--- Work request ---
Emit the data below verbatim, stripping out any pictures.

--- Available data ---
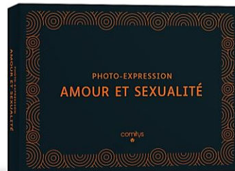
PHOTO-EXPRESSION AMOUR ET SEXUALITE
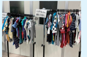
▲リユース会当日の様子
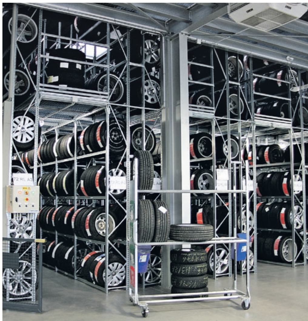
Um Risse im Reifen zu vermeiden, lagern Autoreifen stehend in speziellen Regalen.

Haben Fahrzeughalter zu Hause keinen geeigneten Aufbewahrungsort oder ist ihnen die Vorbereitung und Pflege zu kompliziert und aufwendig, hilft zum Beispiel ihr Autohaus weiter, was gleich mehrere Vorteile bietet: Es garantiert eine fachgerechte Pflege und Einlagerung im Autohaus. Die Reifenlager von Schmidt + Koch erfüllen alle Anforderungen zur Unterstützung der Langlebigkeit und unterliegen ständiger Überprüfung. Um die mühselige Vorabreinigung der Räder müssen sich Eigentümer nicht kümmern, da diese von Schmidt + Koch übernommen wird. Eine Hochdruck-Waschmaschine entfernt selbst eingebrannten Bremsstaub von den Felgen. Jeder Satz erhält einen eigenen Lagerort im mehrstöckigen Regalsystem,
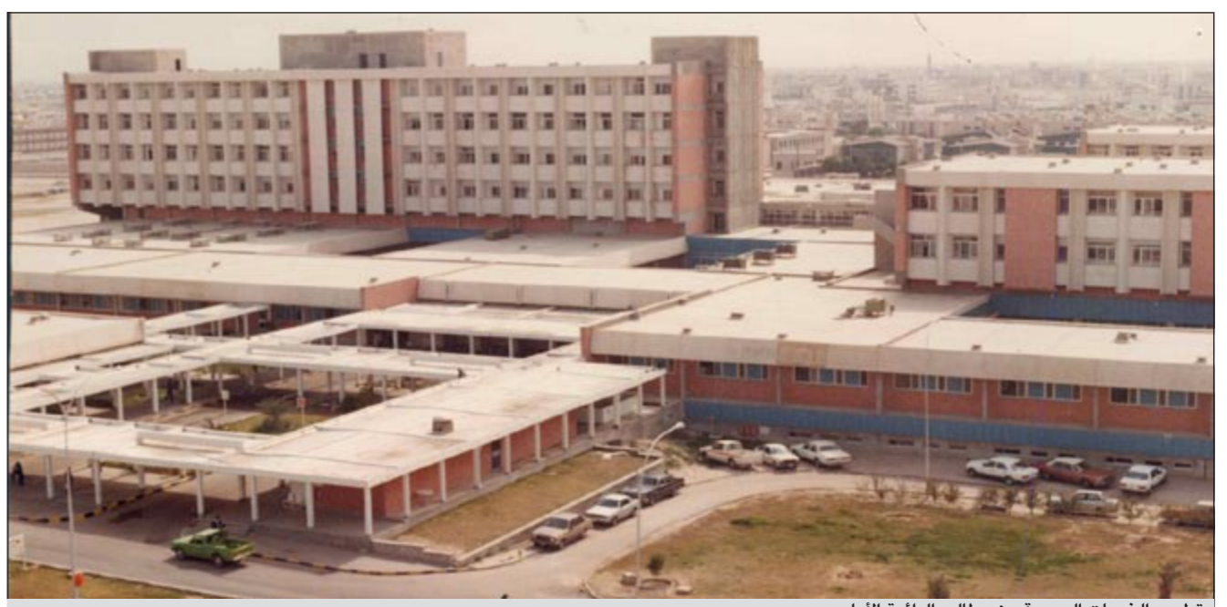
تطوير الخدمات الصحية من مطالب الدائرة الأولى
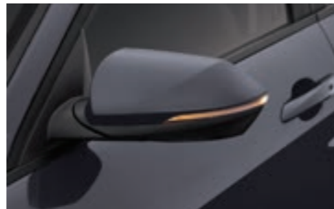
مرايا جانبية خارجية (قابلة للتسخين، قابلة للطي، مؤشرات انعطاف LED)
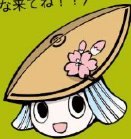
徳島市イメージアップキャラクター「トクシ」
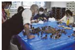
季節先取り♪ クリスマスリース制作
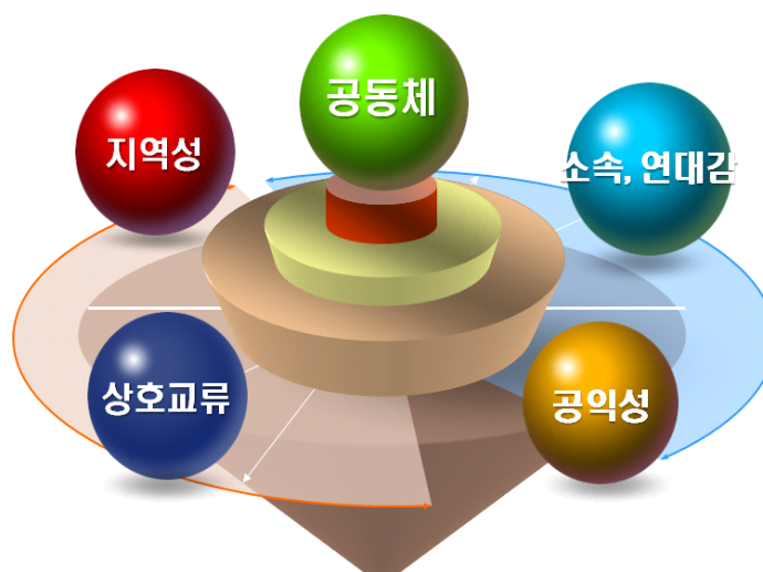
공동체의 개념적 요인
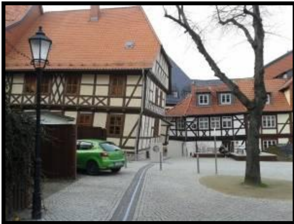
Das Schiefe Haus
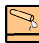
Résistance aux acides et bases

Que la mise en scène soit classique ou contemporaine, les systèmes céramiques s'adaptent à tous les styles.

--- Output for this task ---
PHOTO-EXPRESSION AMOUR ET SEXUALITE
▲リユース会当日の様子
Um Risse im Reifen zu vermeiden, lagern Autoreifen stehend in speziellen Regalen.

Haben Fahrzeughalter zu Hause keinen geeigneten Aufbewahrungsort oder ist ihnen die Vorbereitung und Pflege zu kompliziert und aufwendig, hilft zum Beispiel ihr Autohaus weiter, was gleich mehrere Vorteile bietet: Es garantiert eine fachgerechte Pflege und Einlagerung im Autohaus. Die Reifenlager von Schmidt + Koch erfüllen alle Anforderungen zur Unterstützung der Langlebigkeit und unterliegen ständiger Überprüfung. Um die mühselige Vorabreinigung der Räder müssen sich Eigentümer nicht kümmern, da diese von Schmidt + Koch übernommen wird. Eine Hochdruck-Waschmaschine entfernt selbst eingebrannten Bremsstaub von den Felgen. Jeder Satz erhält einen eigenen Lagerort im mehrstöckigen Regalsystem,
تطوير الخدمات الصحية من مطالب الدائرة الأولى
مرايا جانبية خارجية (قابلة للتسخين، قابلة للطي، مؤشرات انعطاف LED)
徳島市イメージアップキャラクター「トクシ」
季節先取り♪ クリスマスリース制作
공동체의 개념적 요인
Das Schiefe Haus
Résistance aux acides et bases

Que la mise en scène soit classique ou contemporaine, les systèmes céramiques s'adaptent à tous les styles.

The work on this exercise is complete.